(Beginning of RECORDS)

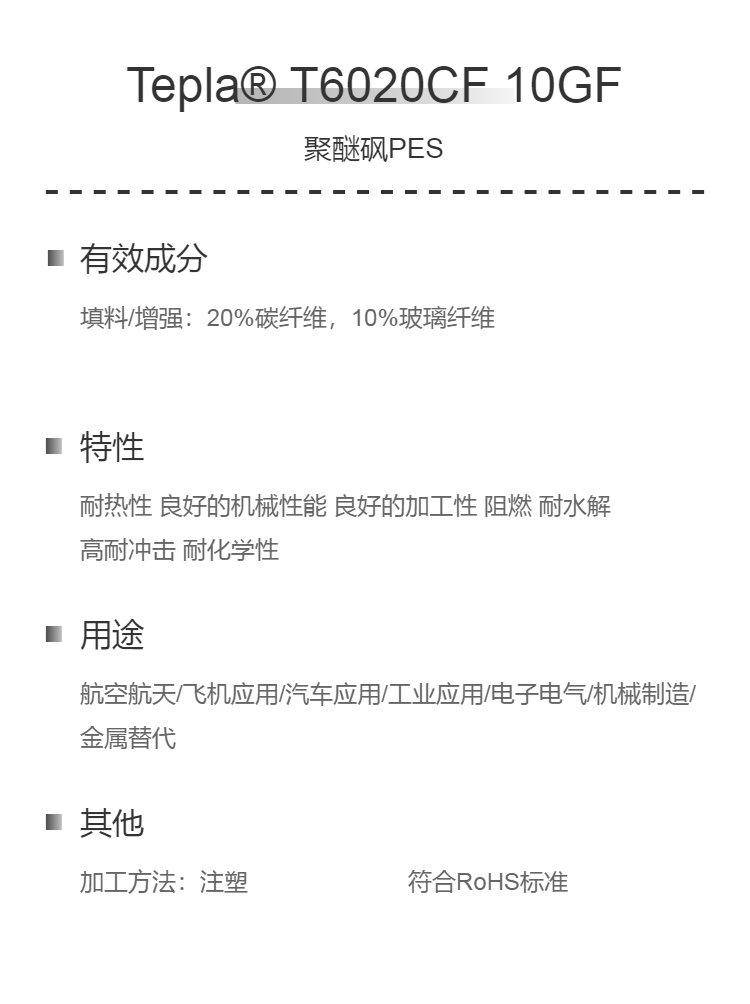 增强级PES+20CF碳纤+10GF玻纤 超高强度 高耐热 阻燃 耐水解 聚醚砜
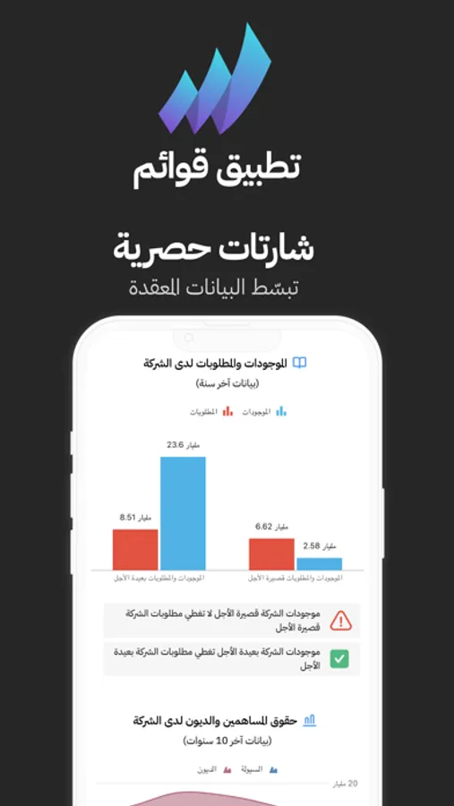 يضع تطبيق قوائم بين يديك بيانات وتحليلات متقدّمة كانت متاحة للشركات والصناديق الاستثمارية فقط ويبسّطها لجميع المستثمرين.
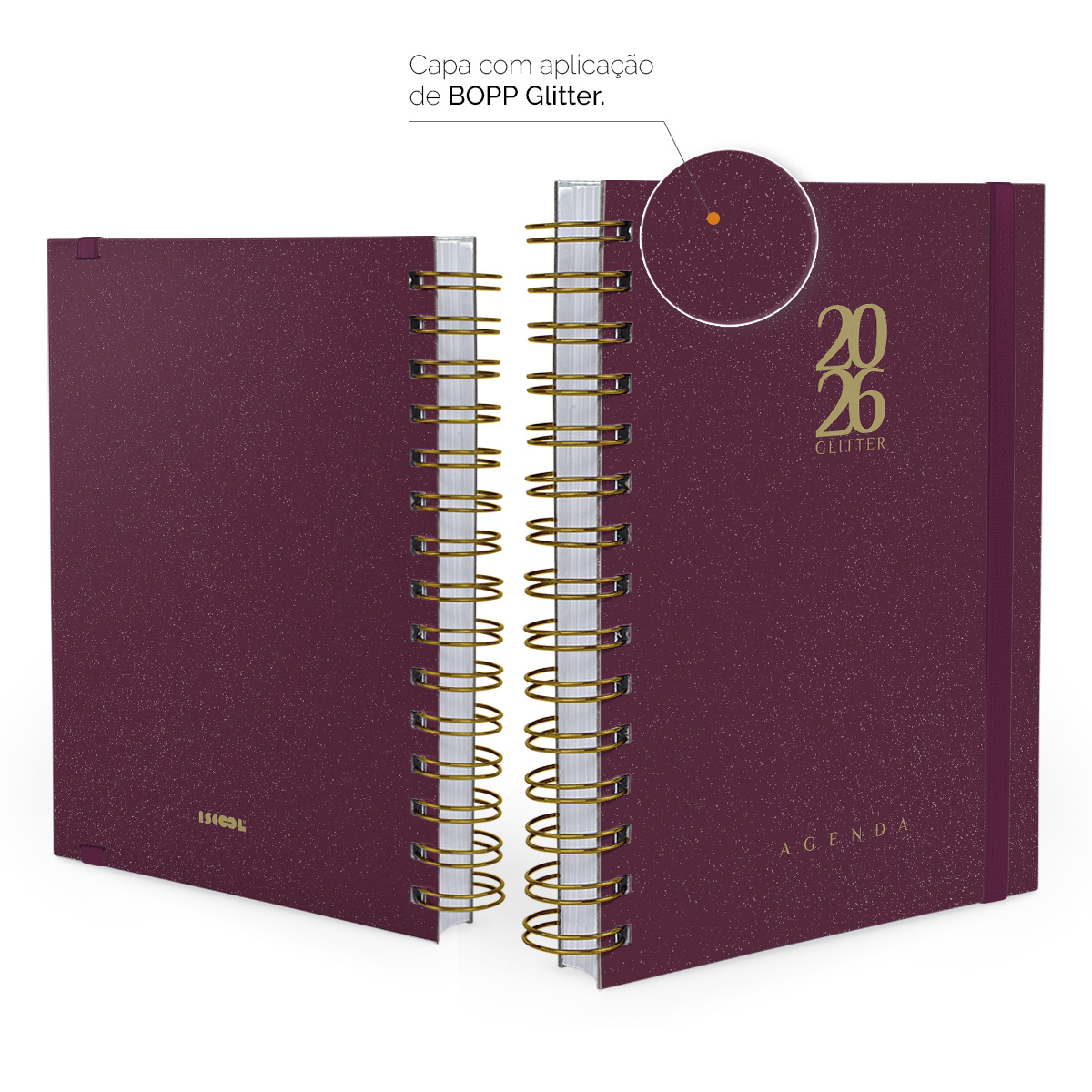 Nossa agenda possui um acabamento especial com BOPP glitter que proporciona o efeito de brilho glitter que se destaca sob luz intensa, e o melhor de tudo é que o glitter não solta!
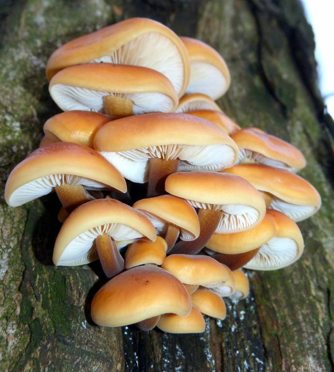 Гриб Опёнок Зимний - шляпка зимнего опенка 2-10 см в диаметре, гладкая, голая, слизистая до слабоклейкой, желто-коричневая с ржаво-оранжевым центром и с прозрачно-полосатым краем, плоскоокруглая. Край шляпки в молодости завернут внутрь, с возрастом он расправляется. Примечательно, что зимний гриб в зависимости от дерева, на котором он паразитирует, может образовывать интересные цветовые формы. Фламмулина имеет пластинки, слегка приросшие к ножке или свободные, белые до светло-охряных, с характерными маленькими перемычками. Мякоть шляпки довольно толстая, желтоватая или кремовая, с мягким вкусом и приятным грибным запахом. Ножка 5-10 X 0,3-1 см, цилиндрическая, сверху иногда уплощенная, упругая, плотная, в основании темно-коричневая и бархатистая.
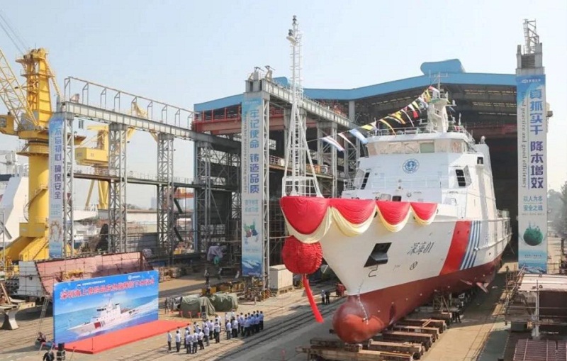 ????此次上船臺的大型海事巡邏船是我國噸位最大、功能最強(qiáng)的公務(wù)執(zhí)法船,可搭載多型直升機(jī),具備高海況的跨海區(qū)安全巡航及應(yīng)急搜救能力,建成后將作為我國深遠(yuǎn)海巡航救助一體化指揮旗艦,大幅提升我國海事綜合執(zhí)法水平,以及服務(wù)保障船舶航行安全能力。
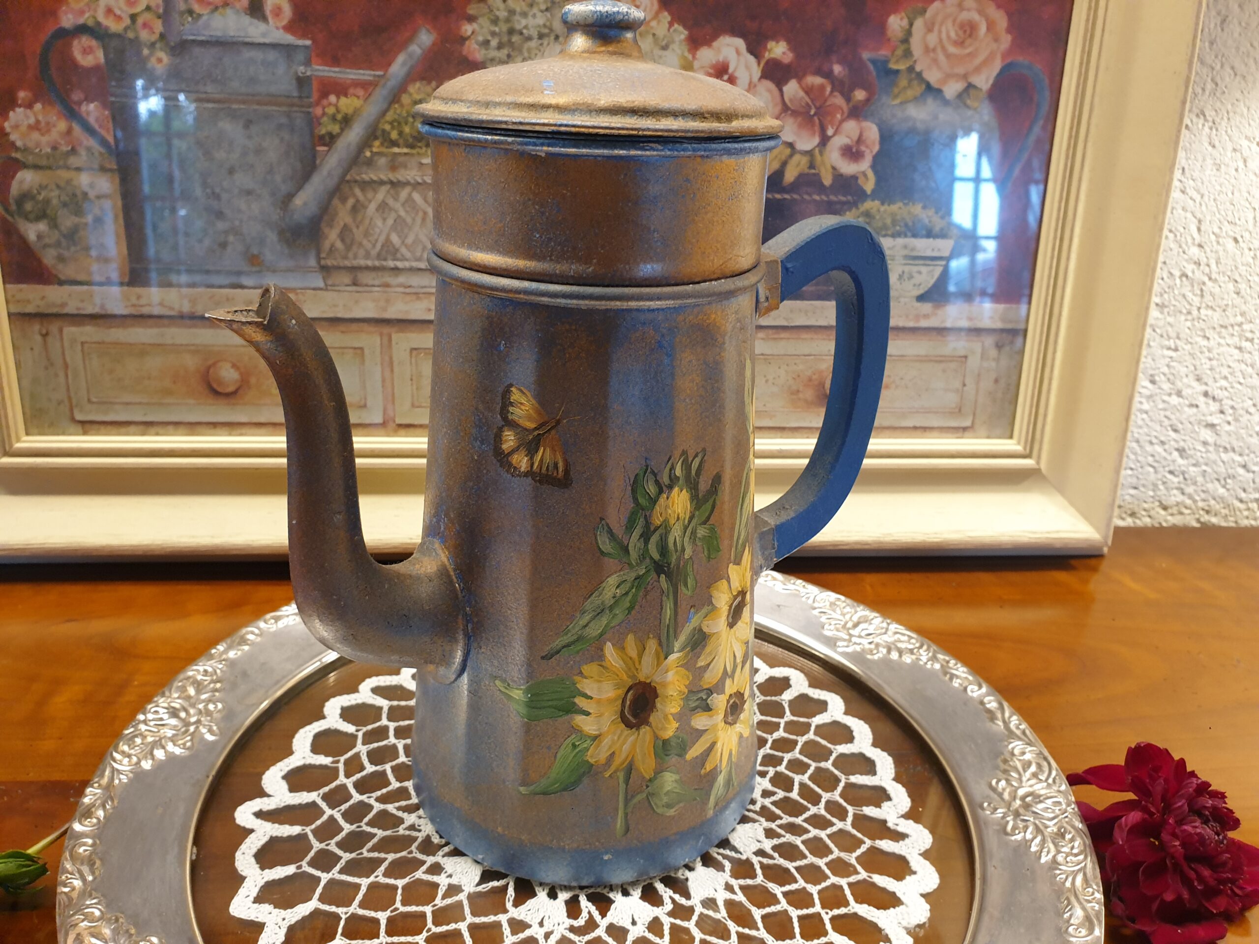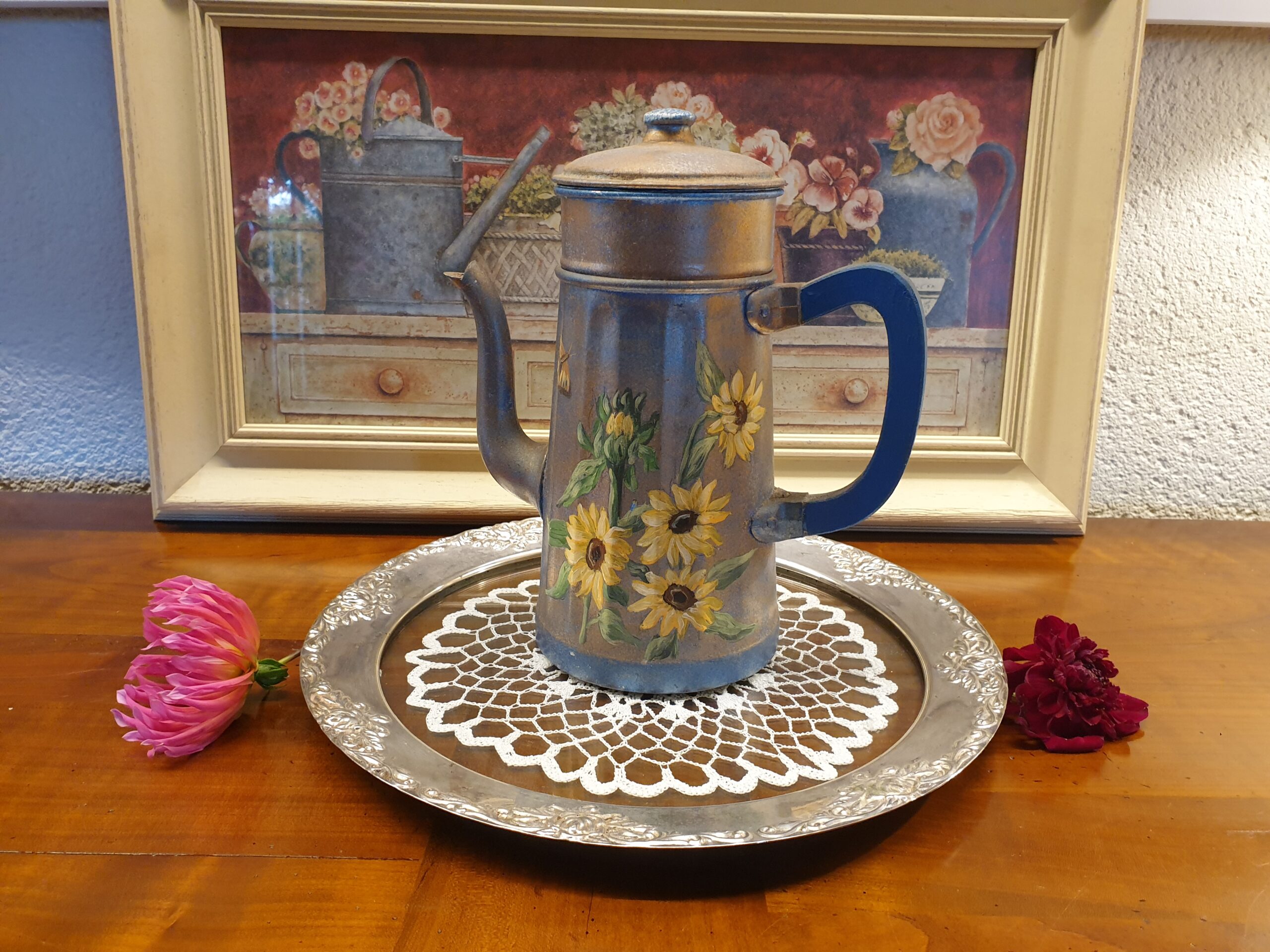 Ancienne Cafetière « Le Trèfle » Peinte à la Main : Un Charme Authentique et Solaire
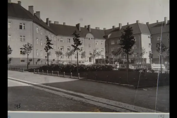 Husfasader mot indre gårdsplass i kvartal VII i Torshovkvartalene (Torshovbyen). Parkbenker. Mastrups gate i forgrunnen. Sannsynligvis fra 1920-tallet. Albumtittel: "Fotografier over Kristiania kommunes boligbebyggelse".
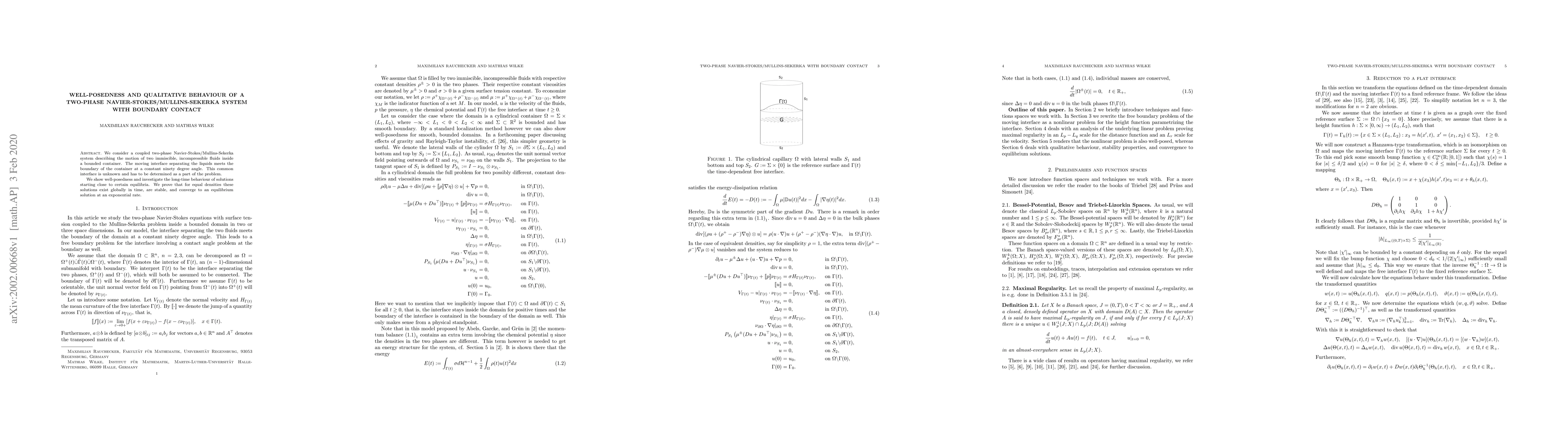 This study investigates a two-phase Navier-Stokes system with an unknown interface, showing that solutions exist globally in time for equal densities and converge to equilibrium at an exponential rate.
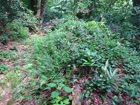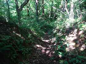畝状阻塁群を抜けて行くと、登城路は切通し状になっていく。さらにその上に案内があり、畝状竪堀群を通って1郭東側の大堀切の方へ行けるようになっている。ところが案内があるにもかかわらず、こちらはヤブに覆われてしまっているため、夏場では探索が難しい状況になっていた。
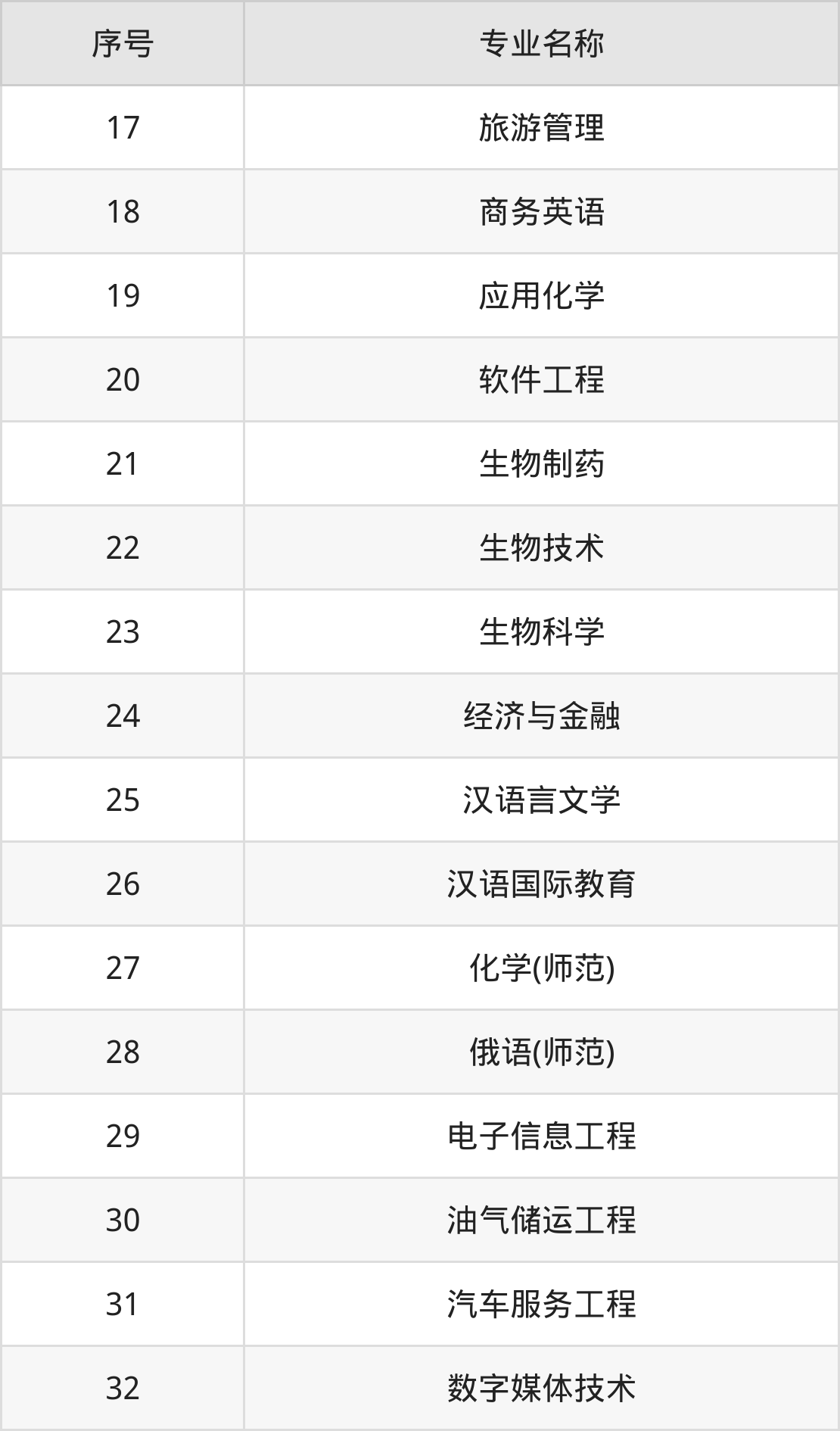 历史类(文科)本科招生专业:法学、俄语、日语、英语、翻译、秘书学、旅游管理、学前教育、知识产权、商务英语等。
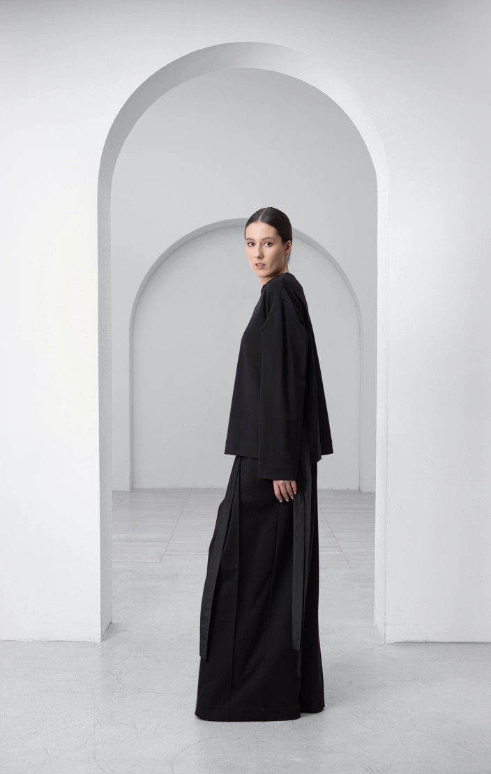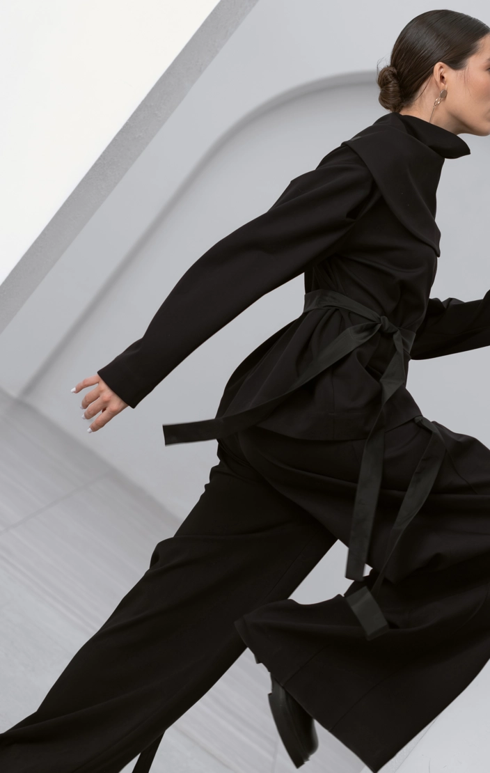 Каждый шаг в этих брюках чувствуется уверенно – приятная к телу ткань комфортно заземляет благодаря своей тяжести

(End of RECORDS)

WORK INSTRUCTIONS
The lines wanted are those from the start of the material above through the line with "يضع تطبيق قوائم", both included; print them exactly and skip any picture.

WRITTEN REPLY
 增强级PES+20CF碳纤+10GF玻纤 超高强度 高耐热 阻燃 耐水解 聚醚砜
 يضع تطبيق قوائم بين يديك بيانات وتحليلات متقدّمة كانت متاحة للشركات والصناديق الاستثمارية فقط ويبسّطها لجميع المستثمرين.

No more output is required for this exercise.